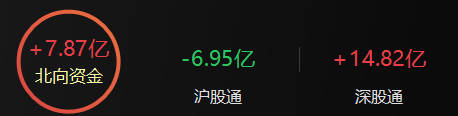 北向资金全天净买入7.87亿元,其中沪股通净卖出6.95亿元,深股通净买入14.82亿元。
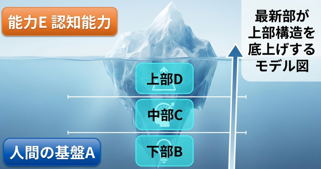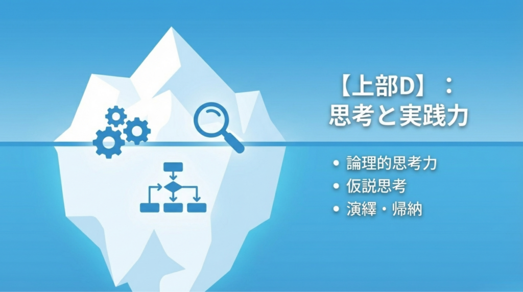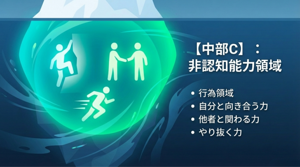 私たちはこの複雑な能力を、ジェームズ・J・ヘックマンの研究やOECDの定義に基づき、4つの層からなる「氷山モデル」として体系化しました。
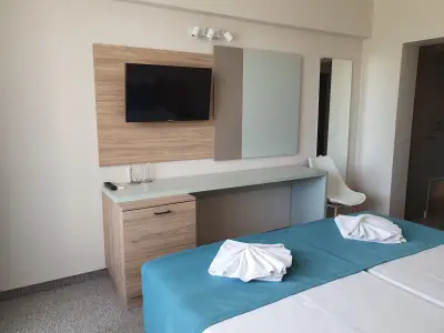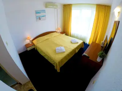 На 1 минута разстояние от залива „Атлиман“!!! Хотел „Лотос“ разполага с 3 апартамента и двойни стаи с възможност за допълнително легло. Те са оборудвани с климатик, телевизор с кабелна телевизия, безжичен интернет, мини-бар и големи панорамни тераси.

• _Brief_: Output all the data above verbatim, leaving out images.

• _Answer section_:
 北向资金全天净买入7.87亿元,其中沪股通净卖出6.95亿元,深股通净买入14.82亿元。
 私たちはこの複雑な能力を、ジェームズ・J・ヘックマンの研究やOECDの定義に基づき、4つの層からなる「氷山モデル」として体系化しました。
 На 1 минута разстояние от залива „Атлиман“!!! Хотел „Лотос“ разполага с 3 апартамента и двойни стаи с възможност за допълнително легло. Те са оборудвани с климатик, телевизор с кабелна телевизия, безжичен интернет, мини-бар и големи панорамни тераси.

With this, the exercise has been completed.